05 September 2012

TWELVE school days into the year, and I still haven't been able to find out

  • what sections of the Fountas and Pinnell Reading Assessment I am supposed to give (woe betide the teachers who haven't been using it already, for they are even worse off)
  • when I will receive the recording sheets I will have to fill out for each and every child
  • when SFUSD anticipates having these assessments turned in to the Central Office.
I mean, it's not like I'm teaching anything right now, right?  This will be totally authentic beginning of the year data no matter when they bother to get materials to teachers.  October, November - whatever!*

The latest word is that we are to give ALL of the Fountas and Pinnell to ALL students, but this is so insane I have to hope I can assume it's a baseless rumor.  Why precisely I would give a spelling inventory and a phonogram reading list assessment to a child who has mastered just two or three letters is unclear - unless the purpose is "to waste instructional time while also making children feel bad".

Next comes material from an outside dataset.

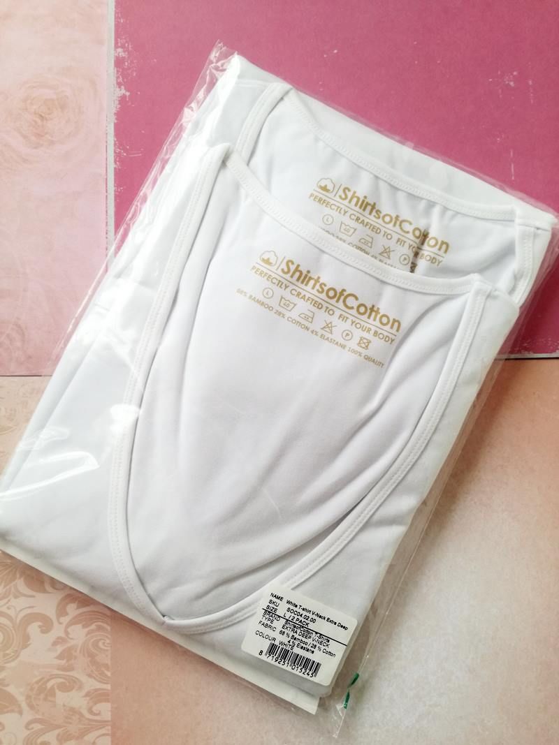 Ik hou van kleur maar als ik basic shirts koop dan ga ik altijd voor witte t-shirts. Ik hou ook niet van de printjes op t-shirts, omdat die vaak stug zijn en na enkele wasbeurten lelijk gaan vervagen. Ik kon kiezen uit setjes met een ronde hals, een basic V-hals, een medium V-hals en een diepe V-hals. Ik ging voor de diepe V- hals, omdat ik het fijner vind om mijn hals vrij te houden. In ieder geval liever niet iets wat strak aansluit, daar krijg ik het altijd een beetje benauwd van. Een losse sjaal draag ik wel graag, maar de boord van een kraag mag niet te strak aanvoelen. Eigenlijk heb ik niets in mijn garderobe die wat “decolleté” laat zien. Een beetje cleavage moet kunnen, toch?

Moreover, the entire battery is an enormous amount of assessment - at the end of the year, we're talking two weeks of heavy-duty daily assessment periods - or a week of Resident teaching while I assess every day, all day and into the after school program.  Why so long?  Because it's all individual.  And there's no math component, so I guess I should tack some time on for that.

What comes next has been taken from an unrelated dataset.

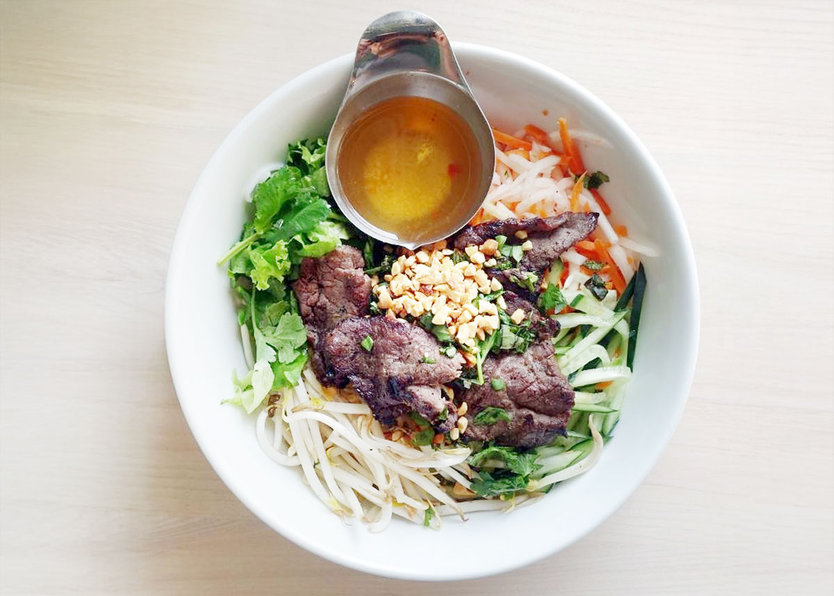 Rice noodle salad with grilled meats, herbs, and nước mắm. Light, fresh, and flavorful.

This is really feeding a broader issue I have with non-classroom people.  I don't have the option to open my classroom on the first day of school and not be ready to go.  It is physically impossible to prepare for the year in the time for which I am paid; therefore, I give hours - this year, over a full-time week - to preparation.

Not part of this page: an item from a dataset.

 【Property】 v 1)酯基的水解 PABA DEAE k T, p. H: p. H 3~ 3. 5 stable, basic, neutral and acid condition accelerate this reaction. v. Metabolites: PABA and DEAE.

Yet apparently the central office will get around to beginning of the year assessments whenever they feel like it.  Similarly, we won't be starting library or PE until the fourth week of school - books to inventory, schedules to make, materials to receive.  I can see why a week might be necessary to get up to speed, but three?  Could none of this work be done the way the teachers do it - on their own time?  And if not, why are these out-of-classroom professionals so cavalier with my time?

In the end, the whole "sense of urgency" thing school leader types talk about doesn't seem to mean anything to them personally.  They have a sense of urgency for me, but not for themselves.

*I've been doing assessment the past couple of weeks, because of that whole "data-driven instruction" thing the Reform and Accountability people believe in (although not enough to GET US ANY MATERIALS).  This means that when I get the Scantron sheets I will have the pleasure of filling them in not during assessment, but from my assessment records.  This will add a few hours to the process, not to mention being a huge waste of my productive time.  I TEACH KINDERGARTEN.  I HAVE THINGS TO WRITE NAMES ON AND LAMINATE.